I got the vintage: My ugly house is a sorta Arts and Crafts foursquare built sometime in the mid to late 1920s. I got my three bedrooms. I got my two storeys, and a third one to boot. I got my nice view. And I got my fenced-in yard, with enough space for a garden.
I also got a brick house that was in very good shape, even without considering its age. What I didn't get was a house that really looked the way "my" house should. Or a house that really knows what it wants to be. Or that I really know what I want it to be.

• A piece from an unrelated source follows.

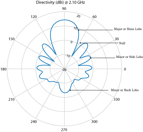 Major or Main lobeПоказывает направление максимального излучения или мощности антенны.

The interior trim is more or less Arts and Crafts as to profile-- but the last two sets of previous owners painted it. The POs-1 were keen on what they thought was Victorian style, so they stuck wooden gingerbread bits in all the Arts and Crafts openings. And they hung beige floral "Victorian" wallpaper everywhere except the two second floor bedrooms and bathroom.
When I was in high school and college I really liked Victorian. But that was then. Anyway, the house isn't Victorian. It's a 1920s foursquare. So why don't I clear out all this Queen Vickie decor and go for clean A&C?
Because of the black and white marble true Victorian mantlepiece imported by the POs-1, which-- alas for me! I fell in love with at first sight.
I'm surprised they didn't paint it beige. When they did whatever it was they did with the original wood exterior trim and replaced it with aluminum eaves and soffits, they went for a striking contrast with the beige brick-- and ordered it in beige. To give them credit, their color choice for the interior first floor trim was cream. But my POs soon took care of that. They got themselves some nice "mushroom tan" paint and redid it in-- you guessed it-- beige. And the wall-to-wall carpet they laid on the stairway and on up to the second and third floors? Got it again-- beige.
I hate beige. Beige drives me to catatonic sensory deprivation insanity. But I was moving here to take a new job. I had to settle on a house. And I walked into this one, saw the natural oak stair newell and hallway bench, and in my charming Midwestern naivete thought, "Oh, the woodwork must all be oak, just like back home. I'll strip it!"
So I bought the house, and I've been stripping yellow pine woodwork ever since. Hasn't taken that much work so far-- My POs-1 didn't bother to prime the trim first, and the paint has been very happy to chip off with a little persuasion from a razor blade scraper. It looks very scabby where the paint stuck, but even so, I think the dark woodwork makes the beige wallpaper (temporarily) endurable.
Shortly after I moved in I painted and debeiged my third floor study. I had the electrician in twice for some major rewiring. After a year and a half I finally got my kitchen stripped and painted and the cabinets rehung. And I've chipped and chipped at the stupid beige paint.
But frankly, I've been putting off tackling those stuck-on bits. I keep thinking there must be some way to do it without ruining the finish. And I haven't quite figured out the scheme that'll pull together the woodwork (once it's done) and the fireplace and oh yes, the ersatz wood floor I can't afford to replace and the brown metal insulated windows that mostly work but look awful, without putting me into bankruptcy court. Or that'll mean replacing all my existing furniture with Genuine Victorian. Which ditto.
So do you blame me if I've focussed most of my renovation energies on my garden? So with a few garden entries are how this blog begins, and I'll pick up on what I actually am doing (and have done) in the house as I go along.